When following the guidance EM6080 concerning abatement for gravity in respect of a Section 455 failure to notify offence for a pre-CTSA AP you should take into account such factors as

  • the size of the loan
  • the length of time for which it was outstanding
  • whether it was a repeated or an isolated offence
  • the way in which it came to light.

Normally concealment of the loan in debtors would reduce the abatement by 5% - 10%.

Cases involving incorrect accounts (or an omission from a CTSA return) will generally be more serious than failure to notify and a lower abatement for gravity would be expected. If the incorrect accounts or omission from the return relates to a period beginning on or after 1 April 2008 and has a filing date on or after 1 April 2009, you must refer to the guidance at CH82400+ when you are calculating the amount of the penalty due under FA07/SCH24. ‘Bed and breakfasting’ S455 or S464A liability EM8565 is regarded as submitting incorrect accounts.

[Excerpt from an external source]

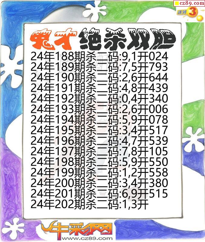 2024年202期体彩P3胆码杀码原创图总汇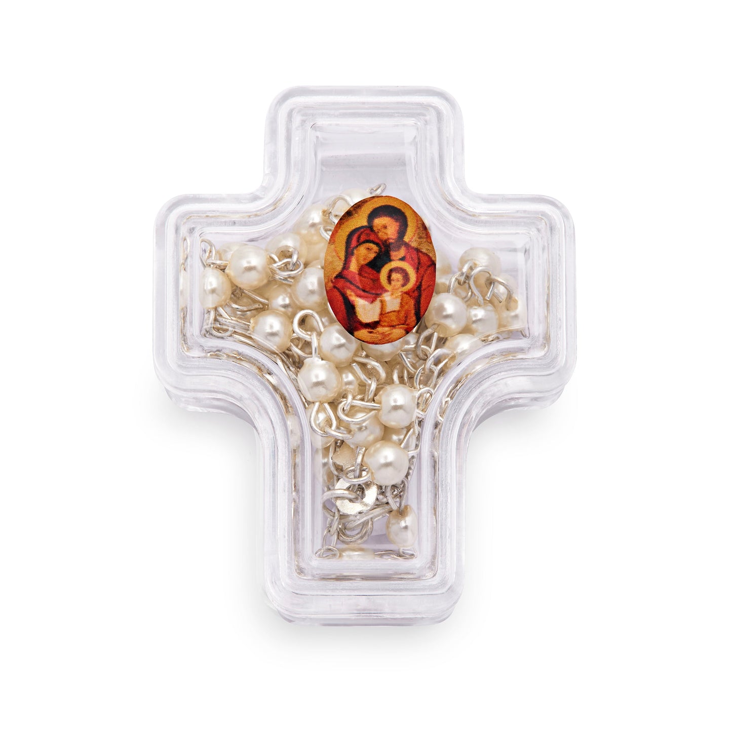 Cross-shaped Holy Family Rosary Case with White Synthetic Pearl Rosary

The penalty is based on the Section 455 or Section S464A tax for which the company is liable (TMA70/S10 (2)), gross tax before allowing any relief under Section 458 or Section 464B. This applies even where the loan is repaid within 12 months of the end of the accounting period but, in practice, you should seek a low penalty in such cases. No Section 455 or Section 464A tax arises for a loan made or a benefit conferred in an accounting period ended on or after 31 March 1996 that is repaid within 9 months of the end of the accounting period in which the loan was made.

Using the guidelines above, you should try to settle cases by freely and openly discussing penalty abatement.